- Activity
Transcribe only the lines in the data below falling between the line with "谱例 19:《第九钢琴奏鸣曲》1-4 小节" and the line with "1F 土間 ⑥ (2)", including those two lines, and leave out any picture.

»»

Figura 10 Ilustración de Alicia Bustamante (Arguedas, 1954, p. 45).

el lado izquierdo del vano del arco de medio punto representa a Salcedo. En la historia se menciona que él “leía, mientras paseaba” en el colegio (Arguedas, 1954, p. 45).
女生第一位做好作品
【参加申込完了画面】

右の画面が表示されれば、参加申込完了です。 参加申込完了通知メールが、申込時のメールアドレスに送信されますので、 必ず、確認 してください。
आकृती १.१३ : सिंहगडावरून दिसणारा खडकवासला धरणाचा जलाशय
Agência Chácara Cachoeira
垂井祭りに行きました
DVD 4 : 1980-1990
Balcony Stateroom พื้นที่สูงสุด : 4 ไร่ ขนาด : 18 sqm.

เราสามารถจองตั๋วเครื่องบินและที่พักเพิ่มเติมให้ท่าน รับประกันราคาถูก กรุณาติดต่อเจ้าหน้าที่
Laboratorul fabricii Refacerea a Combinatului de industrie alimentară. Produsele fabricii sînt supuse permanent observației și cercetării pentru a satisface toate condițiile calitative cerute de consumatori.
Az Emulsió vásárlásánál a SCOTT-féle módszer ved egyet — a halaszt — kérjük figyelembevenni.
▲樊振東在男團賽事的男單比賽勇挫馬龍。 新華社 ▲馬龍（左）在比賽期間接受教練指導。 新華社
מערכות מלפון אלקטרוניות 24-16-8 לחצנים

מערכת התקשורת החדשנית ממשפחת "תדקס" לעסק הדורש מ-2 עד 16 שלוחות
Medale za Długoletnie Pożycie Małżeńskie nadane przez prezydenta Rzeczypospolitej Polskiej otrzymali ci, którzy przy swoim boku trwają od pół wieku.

««
»»

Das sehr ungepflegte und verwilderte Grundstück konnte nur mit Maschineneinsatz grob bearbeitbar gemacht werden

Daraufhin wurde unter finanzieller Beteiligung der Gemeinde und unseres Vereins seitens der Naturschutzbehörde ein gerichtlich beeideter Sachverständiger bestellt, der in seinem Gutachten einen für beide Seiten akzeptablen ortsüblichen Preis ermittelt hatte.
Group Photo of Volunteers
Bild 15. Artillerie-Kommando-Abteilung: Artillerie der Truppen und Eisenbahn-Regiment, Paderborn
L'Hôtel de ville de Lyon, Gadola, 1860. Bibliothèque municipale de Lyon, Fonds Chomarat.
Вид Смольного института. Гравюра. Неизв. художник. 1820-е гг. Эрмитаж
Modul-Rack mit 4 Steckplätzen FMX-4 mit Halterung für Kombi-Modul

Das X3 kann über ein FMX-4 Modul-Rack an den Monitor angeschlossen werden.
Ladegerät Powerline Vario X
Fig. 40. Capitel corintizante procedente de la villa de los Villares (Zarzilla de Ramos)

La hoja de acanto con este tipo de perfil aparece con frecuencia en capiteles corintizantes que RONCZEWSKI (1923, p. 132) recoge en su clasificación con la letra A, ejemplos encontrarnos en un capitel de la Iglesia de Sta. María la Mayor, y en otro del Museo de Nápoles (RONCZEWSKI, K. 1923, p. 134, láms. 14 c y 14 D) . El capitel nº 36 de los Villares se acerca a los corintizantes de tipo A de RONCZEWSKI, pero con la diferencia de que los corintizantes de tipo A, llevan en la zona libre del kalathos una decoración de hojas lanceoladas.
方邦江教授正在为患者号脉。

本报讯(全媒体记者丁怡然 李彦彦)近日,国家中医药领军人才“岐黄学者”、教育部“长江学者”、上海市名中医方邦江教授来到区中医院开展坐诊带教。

««
»»

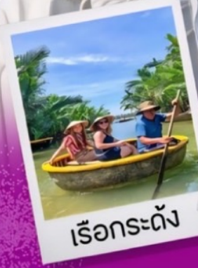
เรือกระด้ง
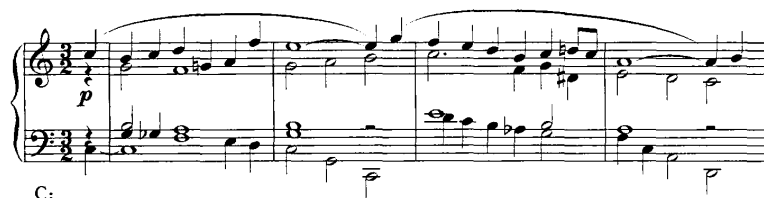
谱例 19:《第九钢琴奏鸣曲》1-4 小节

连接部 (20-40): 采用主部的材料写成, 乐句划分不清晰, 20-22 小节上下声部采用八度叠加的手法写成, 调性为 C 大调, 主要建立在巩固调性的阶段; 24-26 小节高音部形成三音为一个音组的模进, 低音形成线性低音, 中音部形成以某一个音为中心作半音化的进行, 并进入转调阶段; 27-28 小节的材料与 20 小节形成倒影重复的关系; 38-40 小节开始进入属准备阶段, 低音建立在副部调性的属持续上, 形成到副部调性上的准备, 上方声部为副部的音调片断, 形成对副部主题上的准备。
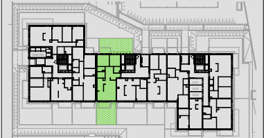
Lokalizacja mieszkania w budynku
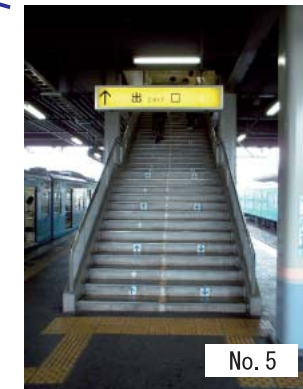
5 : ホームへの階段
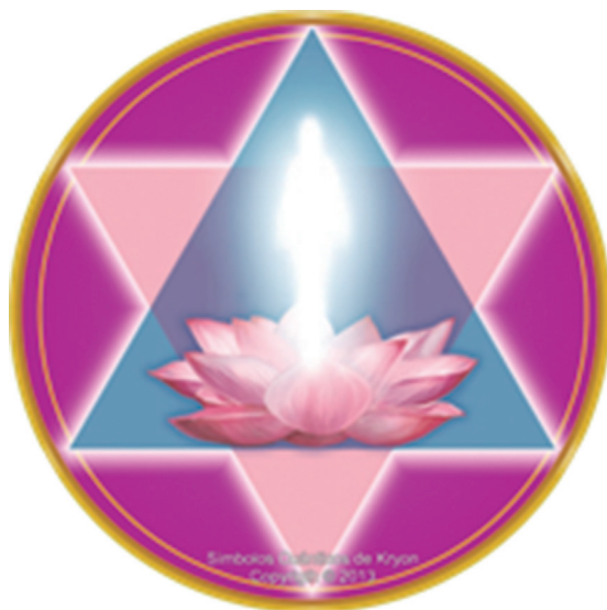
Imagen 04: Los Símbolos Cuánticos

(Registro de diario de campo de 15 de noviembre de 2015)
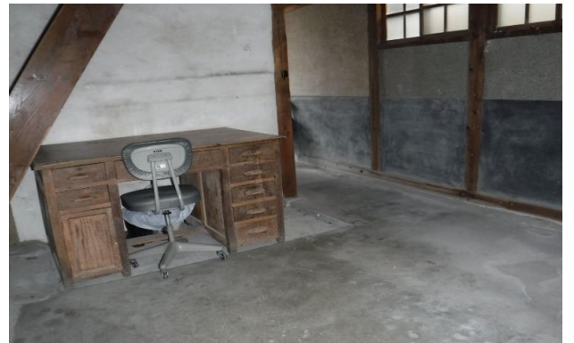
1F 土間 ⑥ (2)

««

- Task response
谱例 19:《第九钢琴奏鸣曲》1-4 小节

连接部 (20-40): 采用主部的材料写成, 乐句划分不清晰, 20-22 小节上下声部采用八度叠加的手法写成, 调性为 C 大调, 主要建立在巩固调性的阶段; 24-26 小节高音部形成三音为一个音组的模进, 低音形成线性低音, 中音部形成以某一个音为中心作半音化的进行, 并进入转调阶段; 27-28 小节的材料与 20 小节形成倒影重复的关系; 38-40 小节开始进入属准备阶段, 低音建立在副部调性的属持续上, 形成到副部调性上的准备, 上方声部为副部的音调片断, 形成对副部主题上的准备。
Lokalizacja mieszkania w budynku
5 : ホームへの階段
Imagen 04: Los Símbolos Cuánticos

(Registro de diario de campo de 15 de noviembre de 2015)
1F 土間 ⑥ (2)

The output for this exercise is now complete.